AMC 8 · 2016 · #23

Grade 7 geometry-2d

Archetype Casework by Position / Vertex Type

angle-sum-triangleline-symmetryspatial-visualization identify-subproblemscasework ↑ Prerequisites: angle-sum-triangleline-symmetry

📏 Long solution 💡 4 insights

Problem

Two congruent circles centered at points $A$ and $B$ each pass through the other circle's center. The line containing both $A$ and $B$ is extended to intersect the circles at points $C$ and $D$ . The circles intersect at two points, one of which is $E$ . What is the degree measure of $\angle CED$ ?

$\textbf{(A) }90\qquad\textbf{(B) }105\qquad\textbf{(C) }120\qquad\textbf{(D) }135\qquad \textbf{(E) }150$

Pick an answer.

(A)

(B)

105

(C)

120

(D)

135

(E)

150

View mode:

Toolkit + CCSS Solution

Understand

Restated: Two congruent circles centered at $A$ and $B$ are placed so each one passes through the other's center, making them overlap. The line through $A$ and $B$ is extended until it hits the circles at the two far points $C$ (past $A$) and $D$ (past $B$). The circles cross at two points; call one of them $E$. Find the size of $\angle CED$.

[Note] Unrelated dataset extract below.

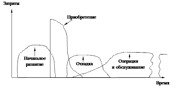 Например, компания оценивает приобретение одного из двух типов копировальных аппаратов. Один из аппаратов значительно дешевле – его приобретение кажется на первый взгляд предпочтительнее. Но какие другие затраты должна рассматривать компания кроме первоначальной стоимости? Каждый из аппаратов требовал бы затрат на транспортировку, установку, наладку еще до начала эксплуатации. В течение периода эксплуатации компания будет нести издержки по эксплуатации и техническому обслуживанию, текущему ремонту. Эти и другие затраты зависят от первоначального выбора копировального аппарата. Необходимо учесть и ликвидационную стоимость аппарата, что также может повлиять на выбор типа аппарата. Рисунок 66 показывает затраты компании в течение жизненного цикла аппарата.

Givens: Two circles of the same radius $r$, centered at $A$ and $B$; Circle $A$ passes through $B$ and circle $B$ passes through $A$, so $AB = r$; $C$ is on circle $A$ and on line $AB$ with $A$ between $C$ and $B$, so $CA = r$ and $CB = 2r$ (a diameter of circle $A$); $D$ is on circle $B$ and on line $AB$ with $B$ between $A$ and $D$, so $BD = r$ and $AD = 2r$ (a diameter of circle $B$); $E$ is one of the two points where the circles cross, so $AE = BE = r$; Answer choices: (A) $90$, (B) $105$, (C) $120$, (D) $135$, (E) $150$ (degrees)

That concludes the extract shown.